An insight into the data structure can be delivered by cluster analysis methods. Clustering comprises unsupervised methods that can be used to organise data into groups based on similarities among the individual data items. Clustering involves dividing data points into clusters so that items in the same class are as similar as possible. Different types of similarity measures may be used to identify classes; in this work, the distance between compositional points in simplex space, defined in Eq. 2, was used. In hard clustering (non-fuzzy), data are divided into crisp clusters, where each data point belongs to exactly one cluster. In fuzzy clustering, the data points can be assigned to more than one cluster. For each of the points, its membership grade is determined to indicate the degree to which the data points belong to the different clusters. Initial results, assuming the number of clusters, were used in fuzzy clustering analysis.

For each sampling point, the contribution of a cluster was calculated. To estimate the contribution of the kth element in the jth cluster structure, the value of the following expression can be considered:

$$FC_{j} = \sum\limits_{i = 1}^{n} {f_{ji} C_{ki} }$$
(3)

A high value of the chemical element concentration and its high contribution in the cluster produces big values of the FCj vector elements. Low concentrations and contributions produce low values of the vector’s elements. A big FCjk vector element assume the significant contribution of the kth element in the jth cluster structure.

The compositional data are not independent of each other; if content of one of the components increases, the others have to decrease. It is the reason why the results of standard statistical analysis of the relationships between raw components or parts are spoiled by spurious effects (Pawlowsky-Glahn and Buccianti 2011; Pawlowsky-Glahn and Egozcue 2006). The particular properties of compositional data preclude the application of standard statistical techniques on such data in its raw form. For example, variances of constrained, compositional data components are not independent. Variance in a component concentration may not be strictly related to variance in the component abundance, because this variability also is affected by variabilities in the abundances of the other components. As the result of the closure operation, variance of a component and its covariances with the other components are bound by the relationship:

$${\text{cov}} ({\mathbf{x}}_{1} ,{\mathbf{x}}_{2} ) + \cdots + {\text{cov}} ({\mathbf{x}}_{1} ,{\mathbf{x}}_{D} ) = - {\text{var}} ({\mathbf{x}}_{1} )$$
(4)

The application of classical data analysis methods for the statistical analysis of compositional data may lead to false or delusive conclusions. This is why in data interpretation statistical methods designed for compositional data elaboration were used. Particularly, the utilisation of a classical correlation estimator in the statistical analysis of compositional data can lead to delusive conclusions (Filzmoser and Karel 2008).

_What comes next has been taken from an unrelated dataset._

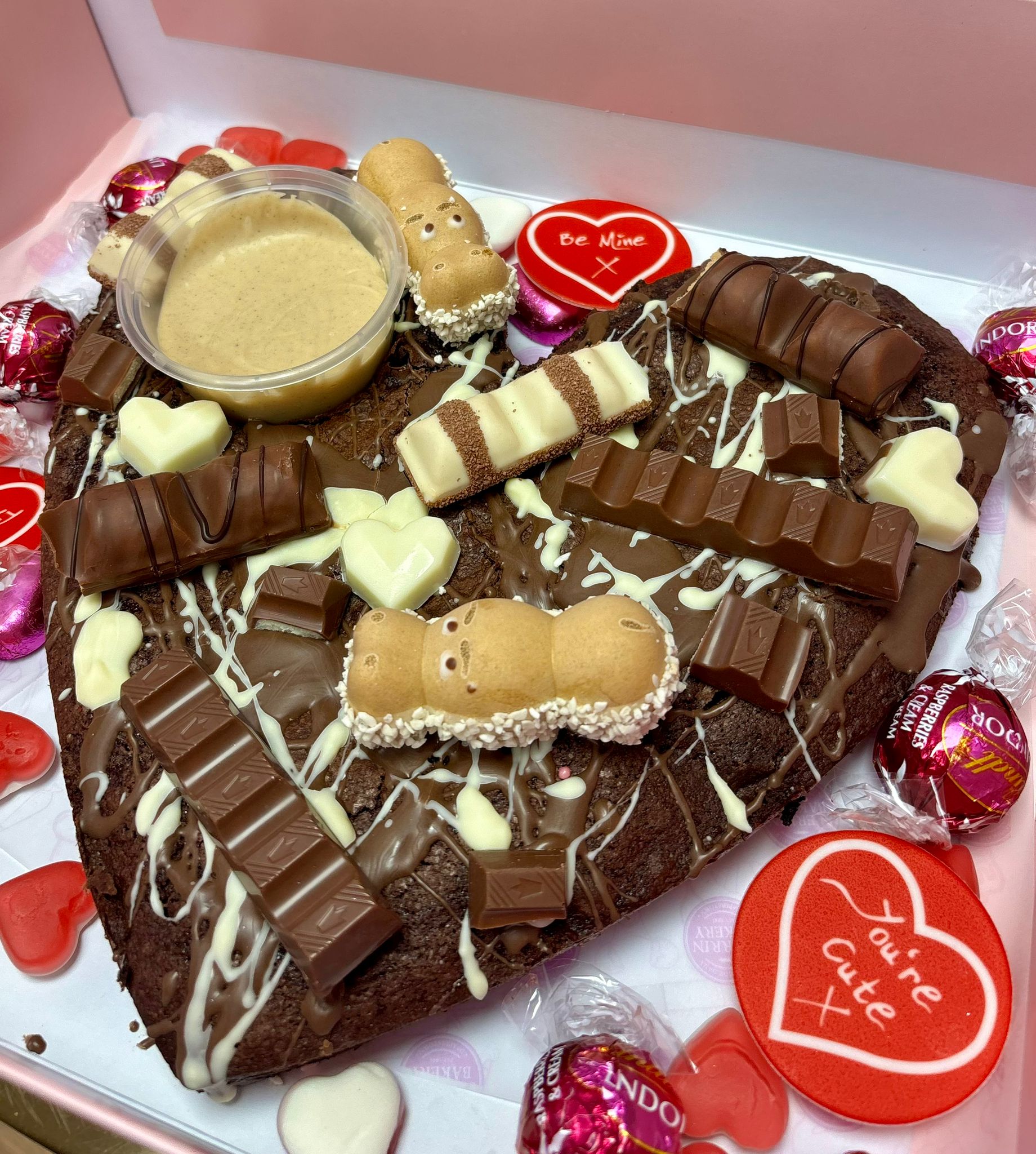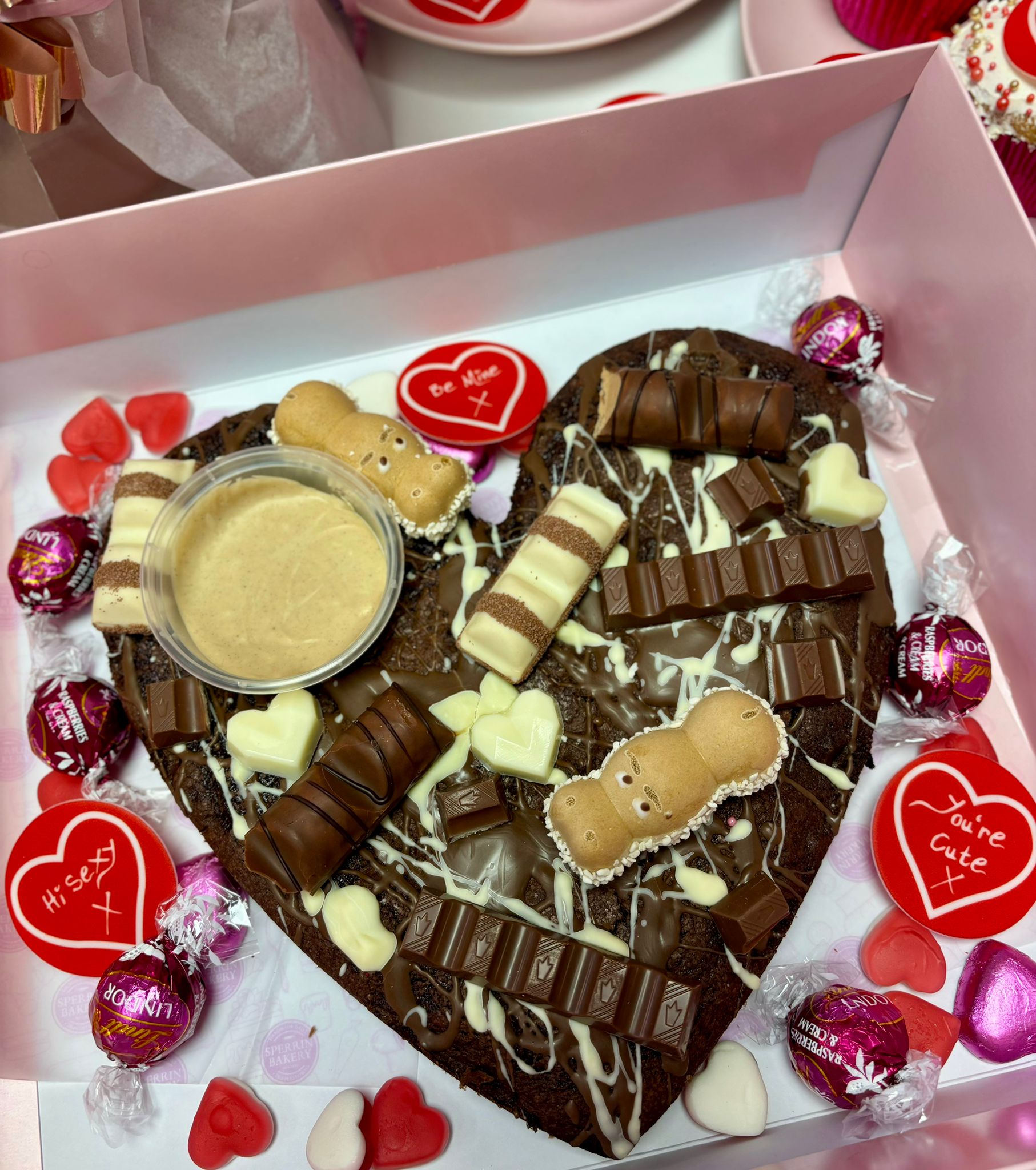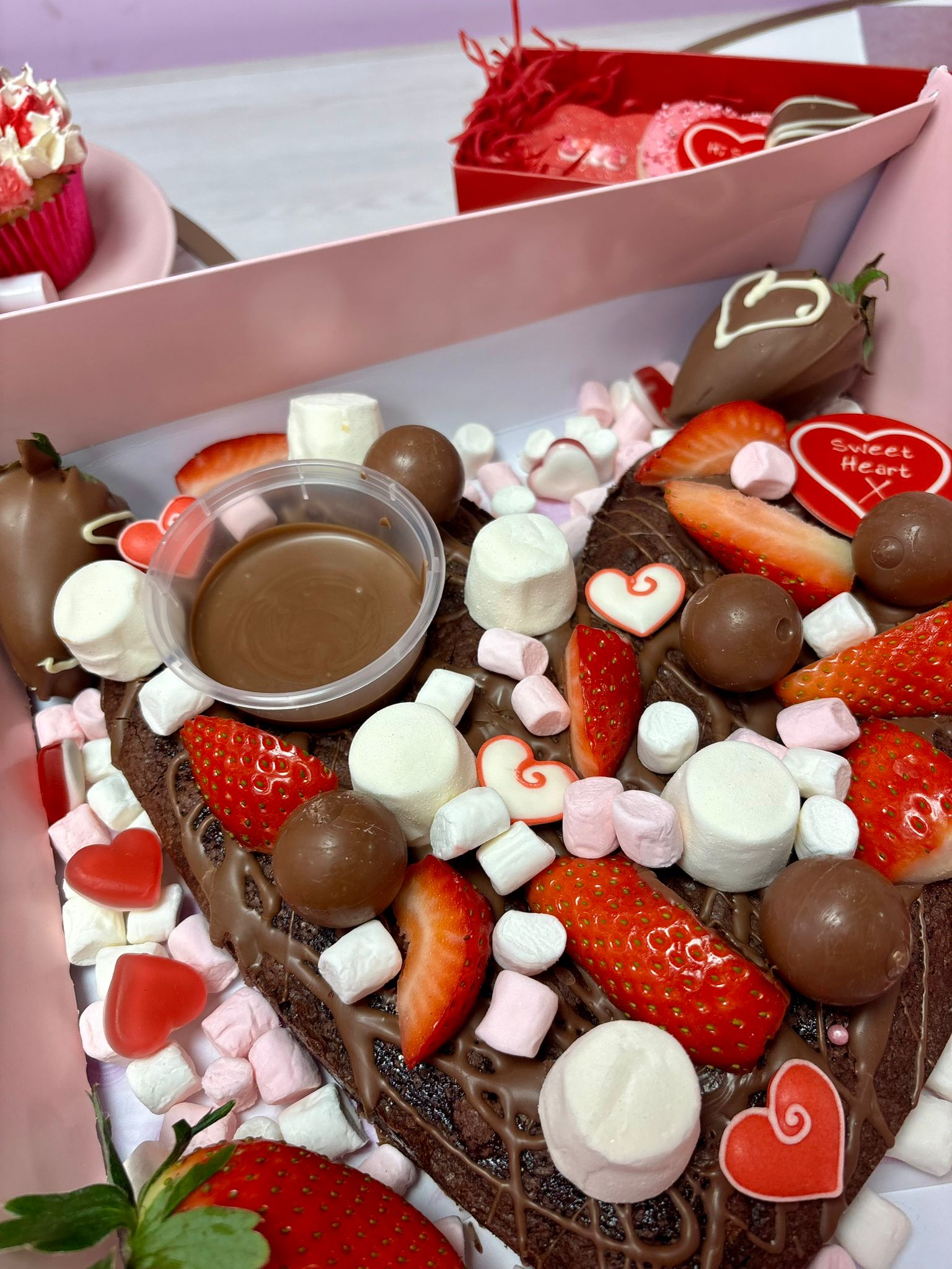 Indulge in the ultimate Valentine's treat with our Heart Dipping Brownie Slab, a decadent dessert designed to delight your loved one. This rich, fudgy brownie slab is crafted with premium ingredients, ensuring a moist and flavorful experience in every bite. Adorned with a charming heart shape, it is perfect for sharing or gifting, making it an ideal choice for celebrating love. Each slab is complemented by a selection of delightful dipping sauces, to include nutella, biscoff, white chocolate hazelnut allowing for a personalized touch to this sweet gesture. Celebrate your affection with this exquisite brownie slab that embodies the spirit of Valentine's Day.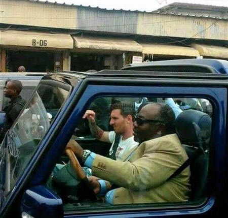 Siêu sao người Argentina đến theo lời mời của Tổng thống Gabon, Ali Bongo. Việc người đứng đầu đất nước này đích thân đi đón và làm... tài xế cho Messi, chứng tỏ sự tôn trọng cũng như mức độ nồng nhiệt của ông và người dân nơi đây.

An alternative method, appropriate for covariability estimation in compositional data, is based on the variation matrix T. The elements t of this matrix are variances of the concentration pairs’ log-ratios (Aitchison 2003):

$$t_{jl} = {\text{var}} \left( {\ln \frac{{x_{j} }}{{y_{l} }}} \right),j,\,l = 1, \ldots ,D$$
(5)

The variance of the log-ratio is small when changes in both concentrations follow the same trend, i.e., both values simultaneously increase or decrease. The biggest log-ratio variance is observed when concentrations follow opposite trends. An increase in one variable’s values accompanied by a decrease in the values of the second one produces highly differentiated log-ratios. As the result, the biggest t value is observed. To distinguish between these two types of covariability, the terms “positive” (an increase in both concentrations) and “negative” (an increase in one concentration and a decrease in the second) are used. However, interpretation of a high t is restricted. The actual relationship between abundances of components in a system cannot be reflected by the corresponding t value.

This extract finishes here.